Copyright, Twitter, and the School Paper

Our school newspaper started out as a rag. The faculty advisor who founded it would happily tell you so. But that same advisor has turned it into a really high-quality middle school paper over the last eight or ten years. A lot of middle schools don’t even have papers; it’s her dedication to the project that makes it possible.

So I was honored when she asked me for an article describing Bill Sullivan’s and my keynote talk at Chase Collegiate School a week ago. She said, “Around here, it’s important news — a teacher delivers the keynote at a major conference?”  So I wrote up a little 600-word article that I thought would fit into the paper’s emerging style; and sent it off to her with a link to the presentation online, and a link to the the conference wiki.

Then she came back to me, to ask about using an image from the slideshow, and I got leery.  I mean, I can always take down a digital slideshow if someone gets all huffy about copyright at me.  I’m just a private person, and I don’t have much to take.   But a school is a school, and this is the school paper we’re talking about. And a school could have a lot to lose in a copyright fight.

But she didn’t want to have just any image. She wanted a very specific one… one that was a key to our presentation, and a key to drawing teachers to the conference. She wanted the one on this page.
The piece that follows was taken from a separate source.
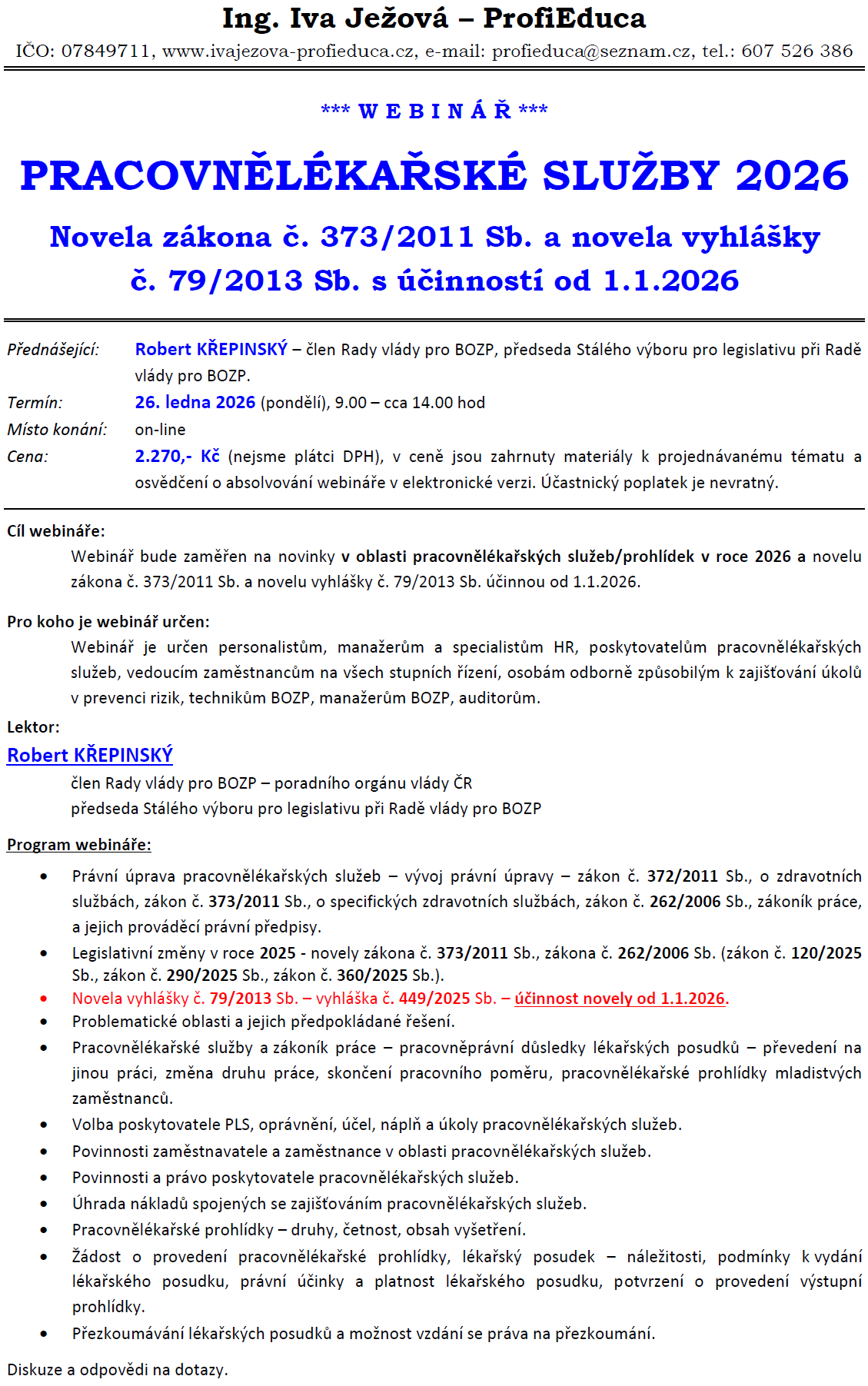 Pracovnělékařské služby 2026 - novela zákona č. 373/2011 Sb a novela vyhlášky č. 79/2013 Sb. s účinností od 1.1.2026 - webinář

So I contacted Dave Gray, the creator of the image.  Dave Gray is the principal of XPLANE.com, and we met first through his Flickr account and then through his .info site, and then through his blog, Communication Nation, and then in person at the Learning and the Brain conference at Avon Old Farms School two Augusts ago, where he introduced me to my friend Josh. Now we all communicate with each other (largely through Dave’s instigation), on Twitter.
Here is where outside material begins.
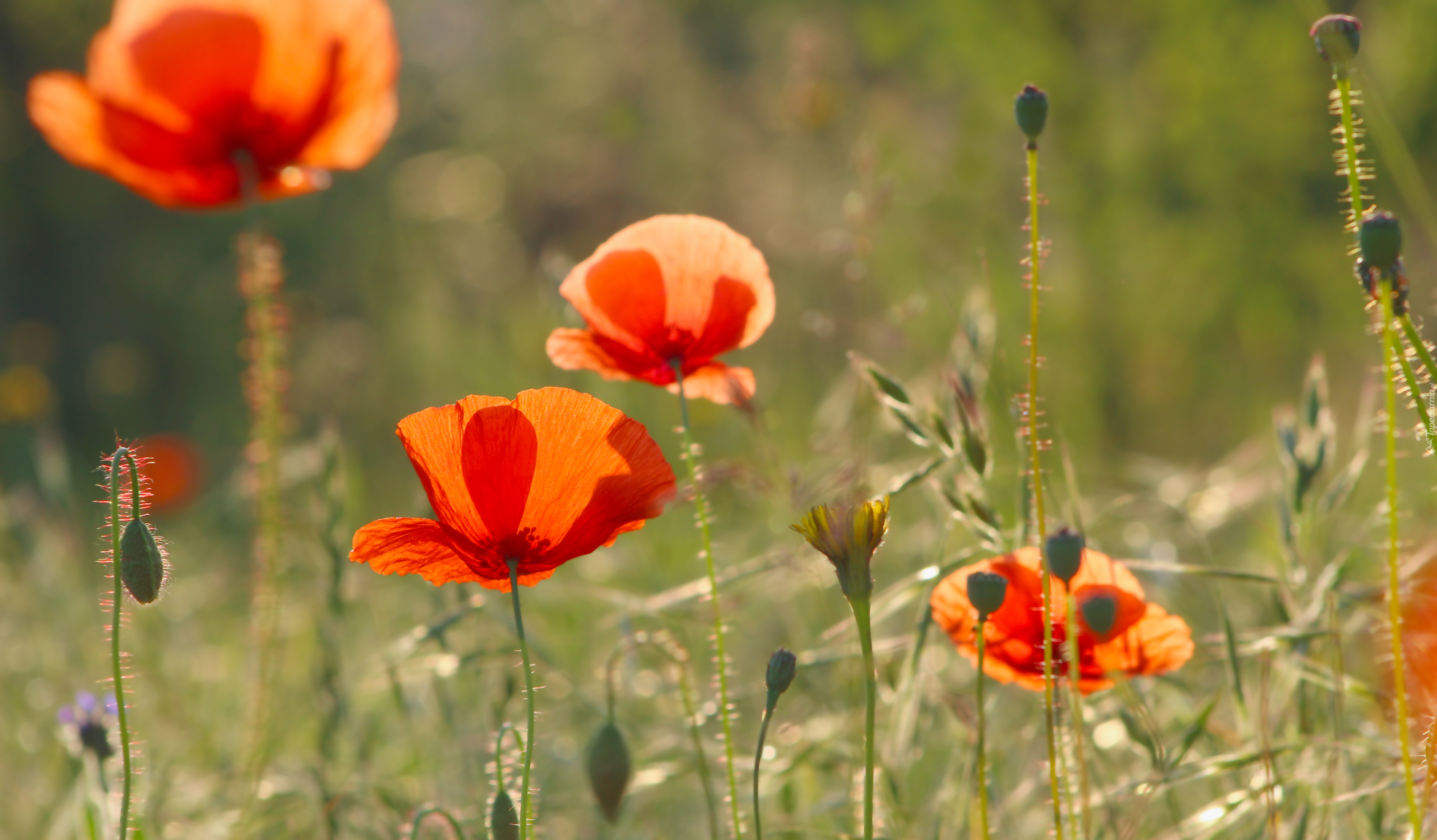 Edytor tapety: Rozświetlone maki z pąkami w zbliżeniu

Which is how I contacted Dave Gray.  Publicly, on Twitter. I asked if the school paper could use his image and print it in the paper.  I asked again, expressing the urgency of the matter. He asked which one. I explained that it was the one from the wiki of the conferenceHe said sure!

So consider… This is the FIRST time that our school paper has had to seek copy right permission from a creator outside our school. And we got it through direct contact with the creator. By Twitter.  In a public forum.

And how did the direct contact with the creator come about? Through me, a teacher, being a photographer interested in sharing my work, and looking at the work of others online; through me being an avid collector of information about visual thinking; and through contacting a web of community connections that stretches from the Arctic to Africa, from Flores Island to San Francisco, from the offices of XPLANE in St. Louis to my own school’s newspaper room.  By way of the internet.

So my school is pushing its school newspaper into the digital age, and providing them with a major new professional-level story, because of my Personal Learning Network (PLN) or whatever the kids are calling it these days.   I just call it “my friends.”  But there’s a parallel warning here, too.  You can shut down kids’ access to the internet by filter and fiat for as long as you like at your school.  But if the kids don’t have to use it in your school, your teachers will never learn to use the internet, either.  Their jobs won’t require it.  And if they don’t have to use it, they won’t.  So your teachers and administrators will never meet people like Dave Gray.  And neither will your students.

And that’s a huge loss for your school, your faculty, and your students.  Get out there and meet the world, people.  It’s time.